The 4 hour chart shows the pair does not have a distinct direction, since the chart appears to be quite horizontal. However, the beginning of a bearish move can be detected on the daily chart, and the Slow Stochastic shows that the bearish momentum still has more room. Going short with tight stops appears to be preferable.
There is a very distinct bearish channel forming on the 4 hour chart. In addition a fresh bearish cross on the daily chart’s Slow Stochastic suggests that the bearish correction may continue further. Going short might be a good strategy today.
Since the bearish cross on the 4 hour chart’s Slow Stochastic took place, the pair has been showing only bearish signals. The RSI on the hourlies is floating near the 50 line, suggesting the move has more steam in it. Going short may be the right choice today.

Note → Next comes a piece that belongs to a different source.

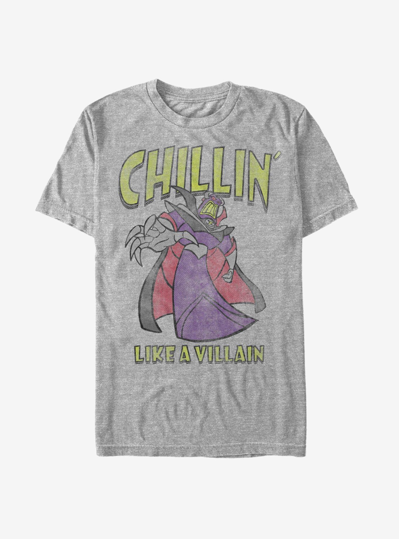 Star Command better watch out for the Toy Story Emperor Zurg Chillin Like a Villain Heather Gray T-Shirt! A distressed print on the front of this awesome gray Toy Story shirt reads "Chillin' Like a Villain" around Buzz Lightyear's archenemy Emperor Zurg. 60% Cotton, 40% Polyester.

The typical range trading on the daily chart continues. Both the Daily RSI and the Slow Stochastic are floating in neutral territory. As well on the hourlies the indicators are providing mixed signals with now specific direction. Good strategy might be to wait for a clearer sign before entering the market on this pair.

The Wild Card

Crude Oil
The pair is in the midst of a very strong bearish correction move, and seems to have more steam in it. All oscillators on the daily chart are providing bearish signals. This is a great opportunity for forex traders to join a very promising bearish correction.